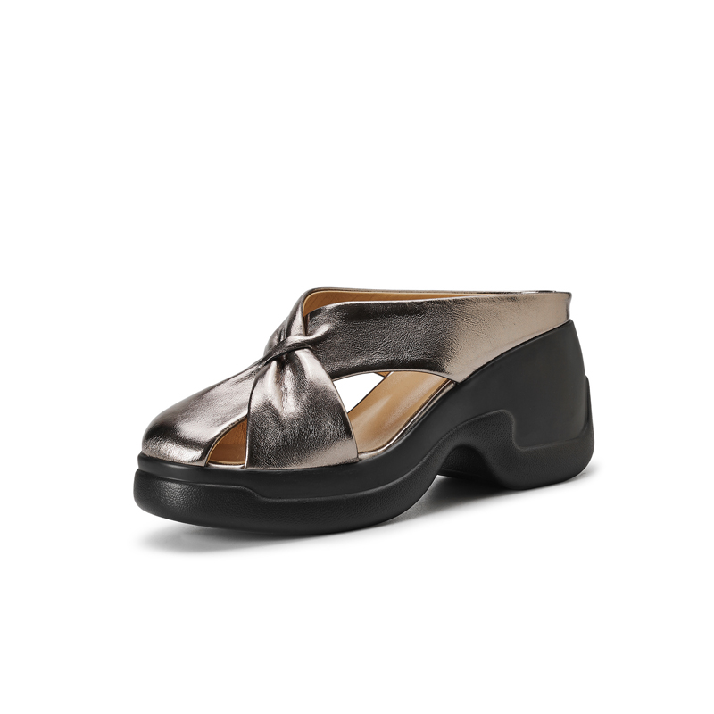 周雨彤同款 2代包头穆勒女拖E4T1DCH预 百丽厚底增高花生吐司勃肯鞋
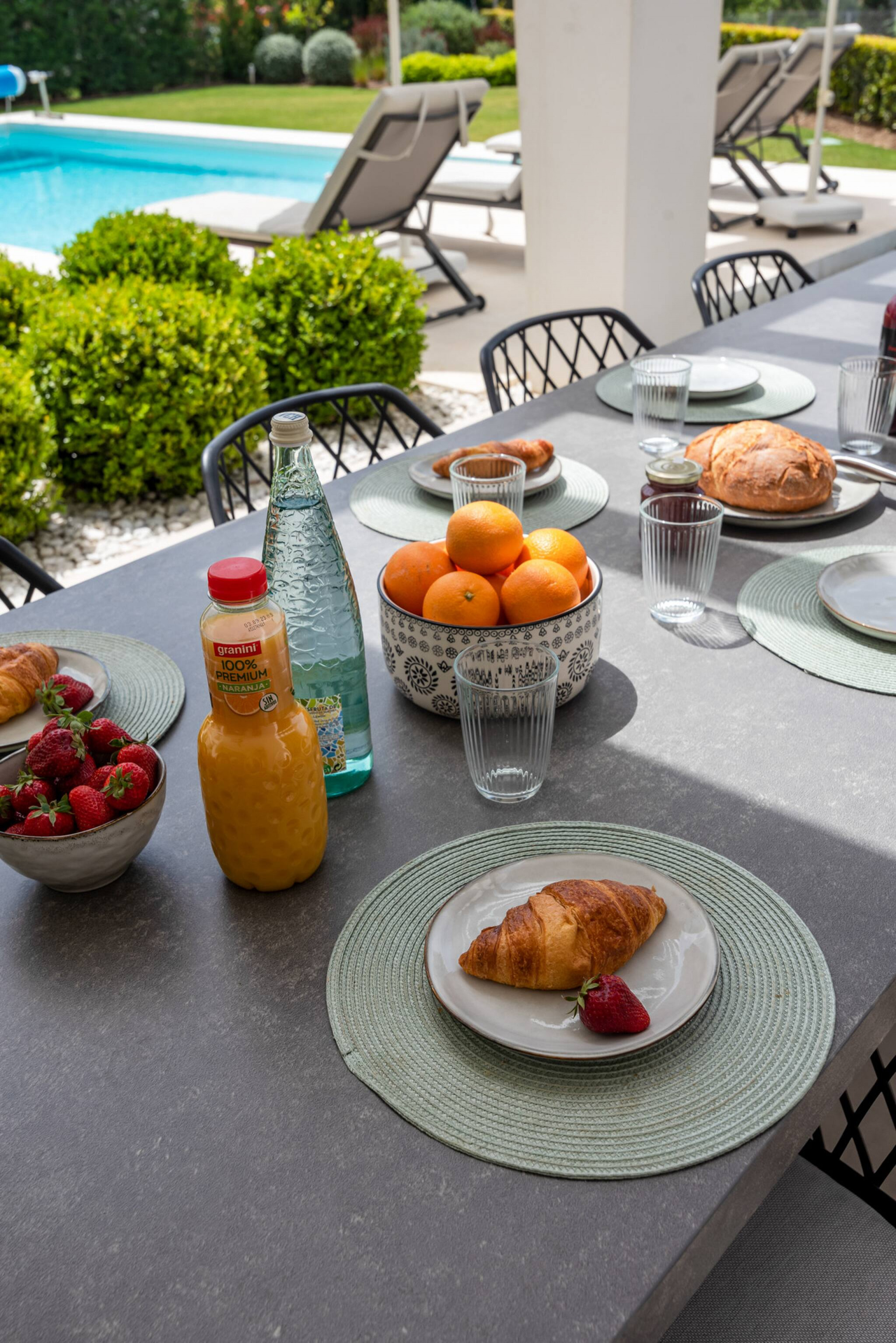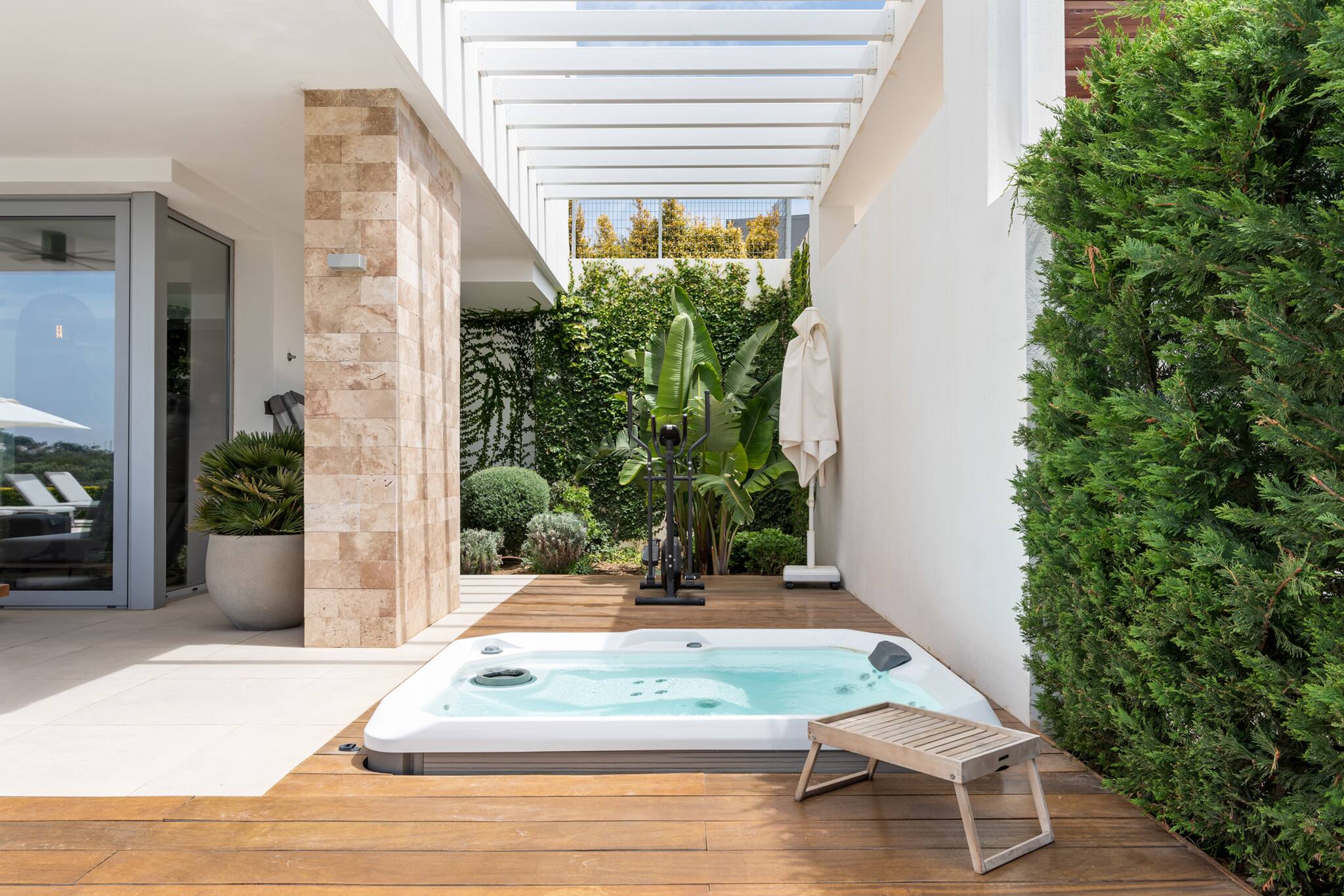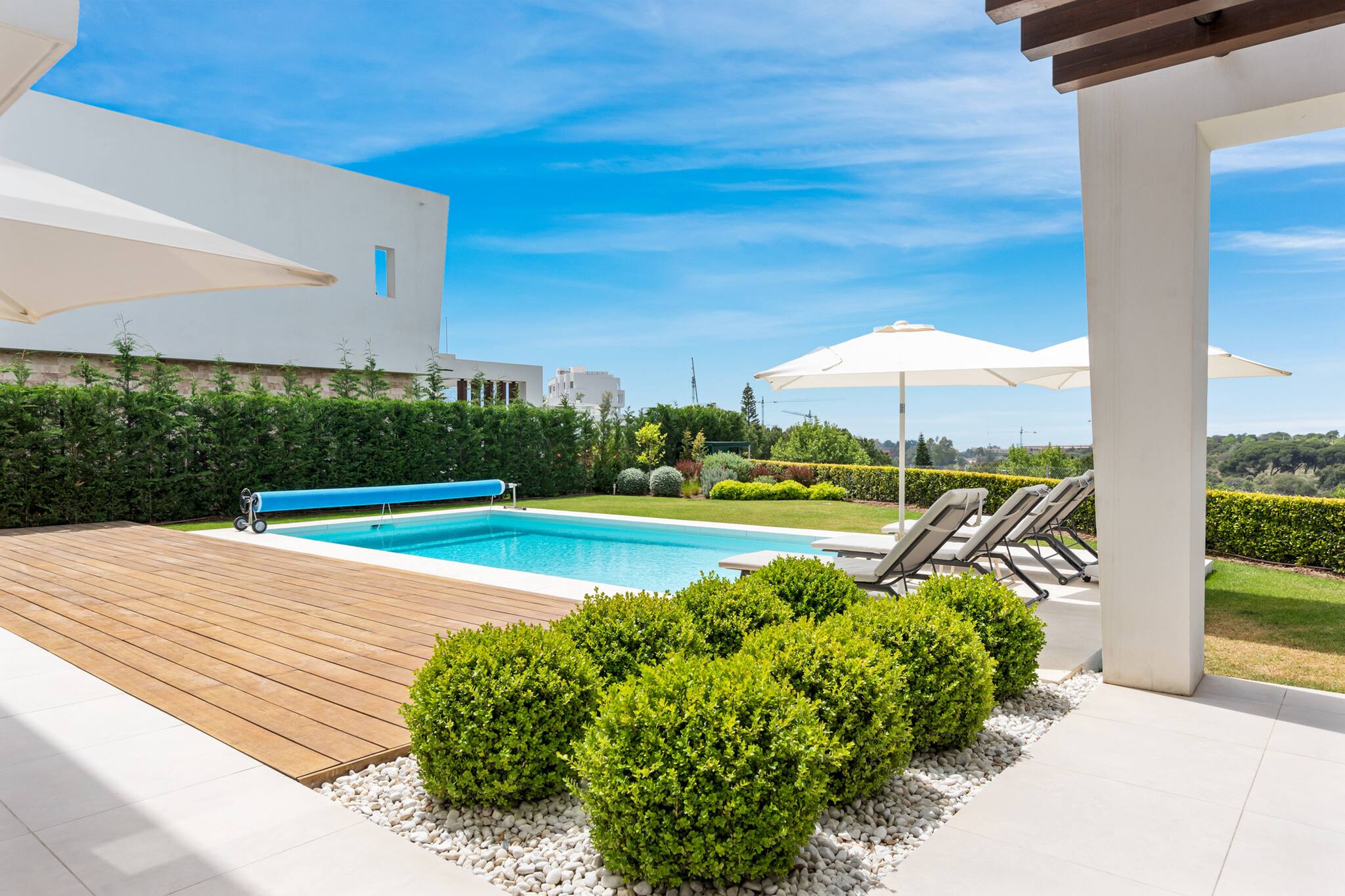 La villa dispone de un amplio jardín privado con piscina, lo que la convierte en un espacio ideal para que los niños jueguen con total libertad.
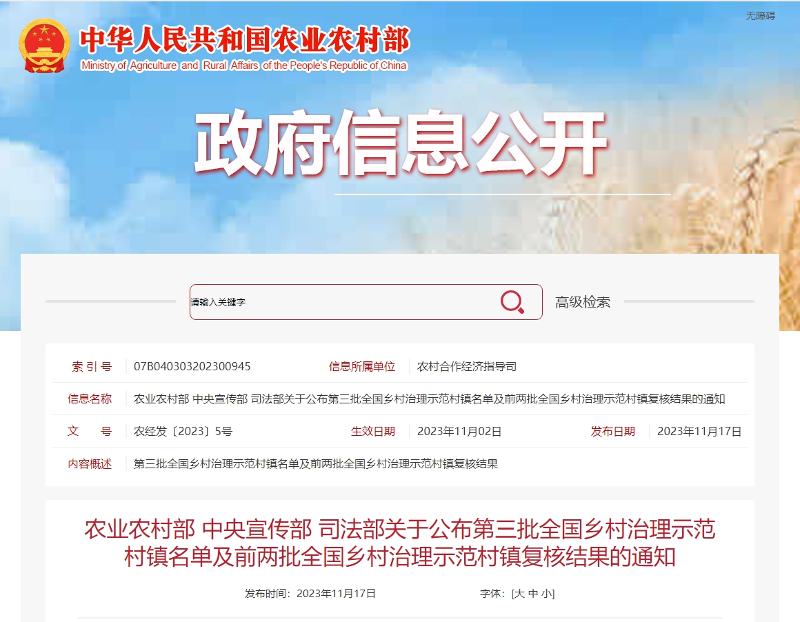 点击文字查看原文:农业农村部 中央宣传部 司法部关于公布第三批全国乡村治理示范村镇名单及前两批全国乡村治理示范村镇复核结果的通知

> **ACTION ITEM**
Since the pictures are not wanted, transcribe the rest of the listing above exactly.

> **PROBLEM SOLUTION**
 周雨彤同款 2代包头穆勒女拖E4T1DCH预 百丽厚底增高花生吐司勃肯鞋
 La villa dispone de un amplio jardín privado con piscina, lo que la convierte en un espacio ideal para que los niños jueguen con total libertad.
 点击文字查看原文:农业农村部 中央宣传部 司法部关于公布第三批全国乡村治理示范村镇名单及前两批全国乡村治理示范村镇复核结果的通知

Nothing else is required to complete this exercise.